I try so hard to believe in body neutrality. I think it's okay to not love every aspect of your body. You can still find reasons to be grateful and to be kind. I work really hard to show gratitude and kindness. I follow positive body people on social media, I participate in conversations to dismantle America's toxic beauty standards, and I try most days to create a healthy dialogue towards my body in my mind. So why do I still struggle so much?


I look in the mirror lately, and I don't know who's looking back at me. This body doesn't feel like mine; it feels like an alternate body that was never supposed to belong to me. All I can see most day is the fat and the bloat. My cheeks are so puffy, I'm developing a double chin, my stomach pooches out, my thighs are big and full of cellulite, yet somehow I have these awkwardly skinny arms as well as tiny hands and feet. My body is disproportionate - it doesn't make sense and often makes me feel like I don't make sense. I worry it's all anyone sees when they look at me.


I've learned recently that these feelings towards my body can be associated with a disorder called body dysmorphia or body dysmorphic disorder (BDD). I'm not going to say I have body dysmorphia because I don't know that for sure, but I do think I'm struggling with symptoms of the disorder. It's not really important to give my symptoms a title other than knowing it's something others struggle with too. Most days I feel really alone. I feel trapped inside a body I do not always want yet desperately yearn to love.


I don't really know what the next steps are other than to keep going to therapy. I'm going weekly right now, trying to work through all of my issues: the trauma, the depression, the self-harm, the body image issues. It's harder than most people know. Just this week I came home from therapy and took a nap because my brain was so exhausted. I wonder if my healing will ever not be such a prominent part of my life. Will I heal enough wounds one day that I finally feel secure in who and what God has called to me to be and do?

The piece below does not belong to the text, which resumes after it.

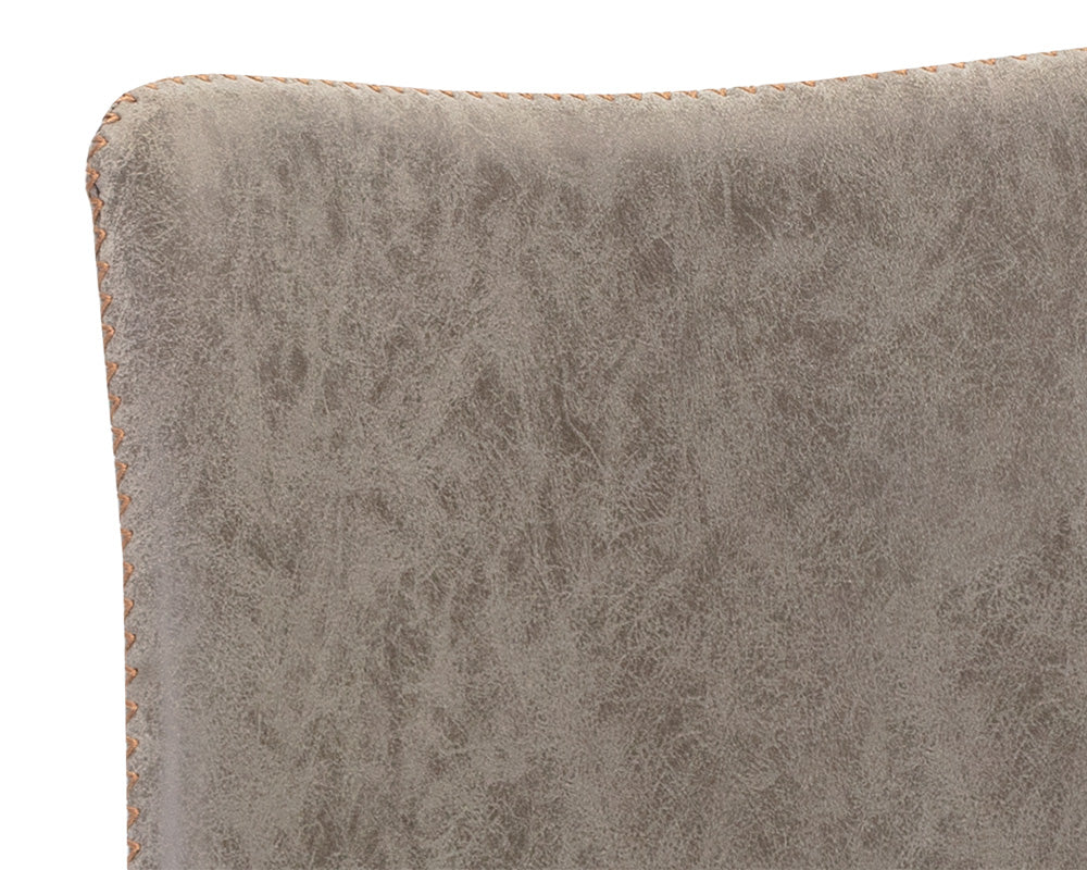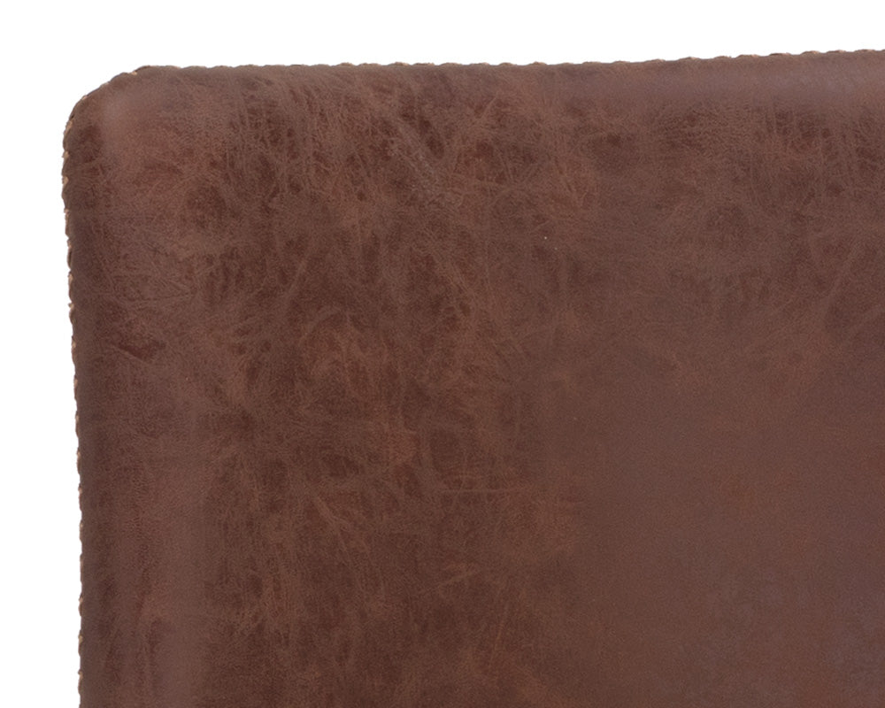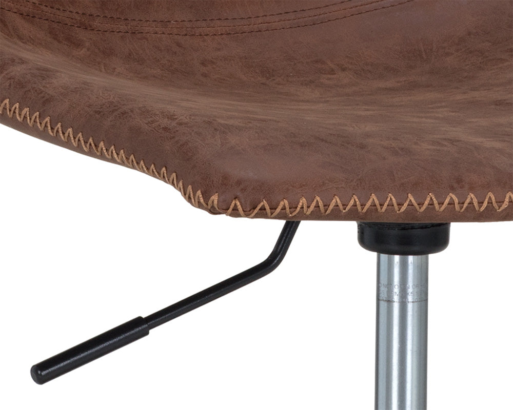 The armless DAVIA office chair was inspired by Scandinavian style with an industrial flair. Stocked in rust tan and onyx vegan leather and finished with an exposed brushed steel frame. Castors allow for easy mobility. Also available in castillo cream vegan leather and champagne gold legs.

*BDD is considered a mental illness involving obsessive focus on a perceived flaw in appearance. The flaw may be minor or imagined, but the person may spend hours a day trying to fix it. The person may try many cosmetic procedures or exercise to excess.People with this disorder may frequently examine their appearance in a mirror, constantly compare their appearance with that of others, and avoid social situations or photos. Treatment may include counseling and antidepressant medication (Google).